The biggest challenge before Chidambaram, who will be presenting his eighth budget, would be to keep every constituent happy, arrest decelerating economic growth and bring down fiscal deficit to committed level of 4.8 per cent of the Gross Domestic Product (GDP). Only former Prime Minister Morarji Desai had presented Budget eight times. The Budget is also significant as it would be the last before the general elections due in April-May next year. There can only be an interim budget before the elections.
Among other things, Chidambaram will be under pressure to earmark funds for schemes and programmes to fulfil electoral promises especially with regard of the Food Security Bill which seeks to provide subsidised foodgrain to poor as a matter of legal right.
The Economic Survey, which precedes the budget, is not in favour of imposition of tax on super rich, stating that government should focus on widening tax base in preference to raising rates. The final call, however, will have to be taken by Chidambaram.
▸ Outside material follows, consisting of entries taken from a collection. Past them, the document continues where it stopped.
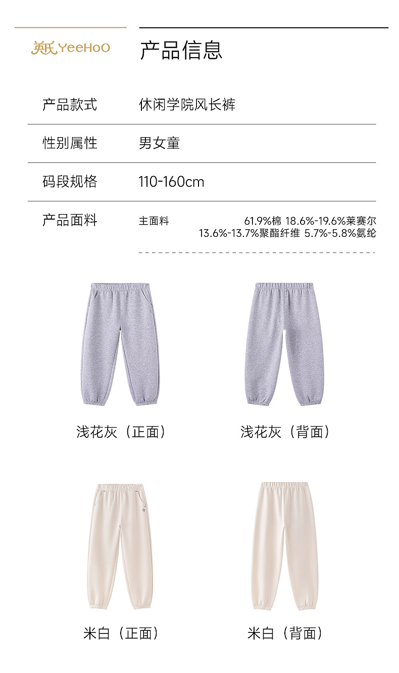 英氏儿童长裤男童女童春夏款裤子中大童休闲裤户外百搭简约长裤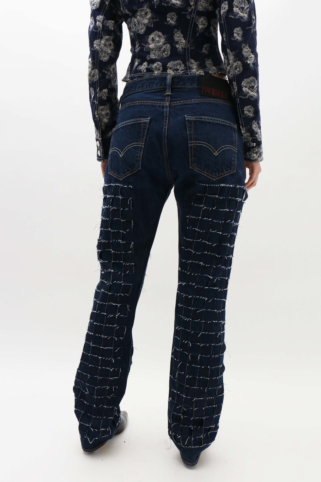 Blue denim jeans, reimagined through an intricate weaving process. Each pair is carefully deconstructed and handwoven back together, breathing new life into the original fabric while preserving the essence of the denim.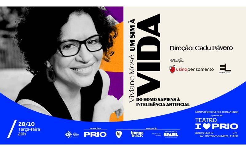 A psicóloga, poeta e filósofa Viviane Mosé, leva para o Teatro I Love PRIO o monólogo poético filosófico “Um sim à vida – Do Homo Sapiens à Inteligência Artificial”. A apresentação única acontece no dia 28 de outubro, terça-feira, às 20h – Ingressos disponíveis. Com direção de Cadu Fávero, em uma encenação que utiliza o corpo, gestos, dança e imagens projetadas de modo a criar um ambiente que estimule o estado estético, onde os sentidos ressaltados nos ampliam a potência de vida.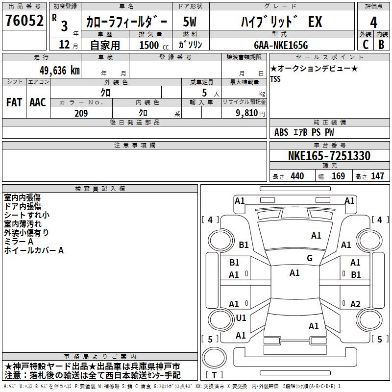 TOYOTA COROLLA FIELDER - лот 76052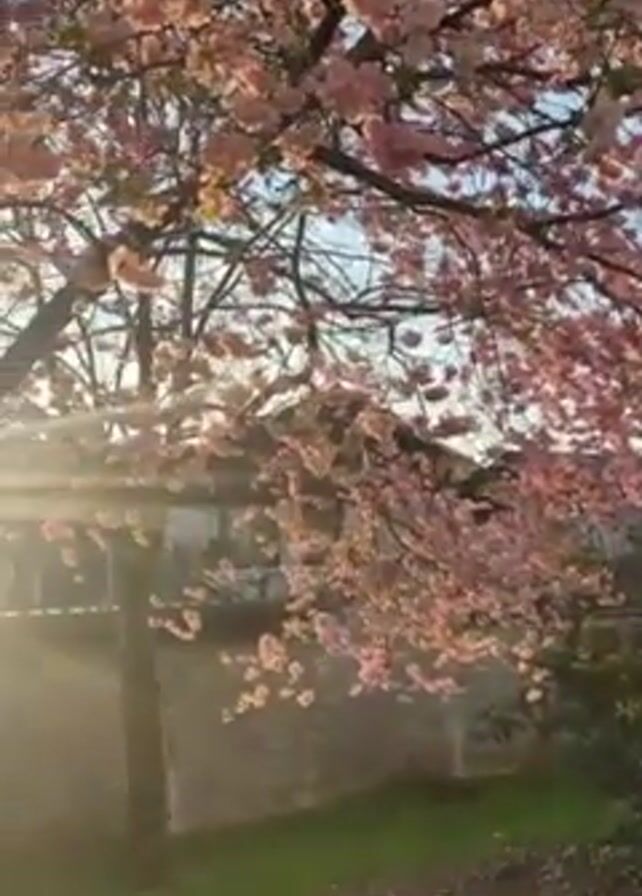 flowering cherry tree with pink blossoms in front of houses, with the sun shining through the branches

As regards salary earners, they may get some relief with the Minister likely to raise the income tax exemption limit, which is currently at Rs 2 lakh per annum.
The Parliamentary Standing Committee on Finance had suggested that the limit be raised to Rs 3 lakh and other slabs adjusted to provide relief to people reeling under the impact of high inflation. Chidambaram is also expected to tweak schemes like Rajiv Gandhi Equity Savings Scheme (RGESS) to encourage individuals to invest surplus funds in stock markets. The effort would be to do away with grey areas and make schemes more attractive to first time investors.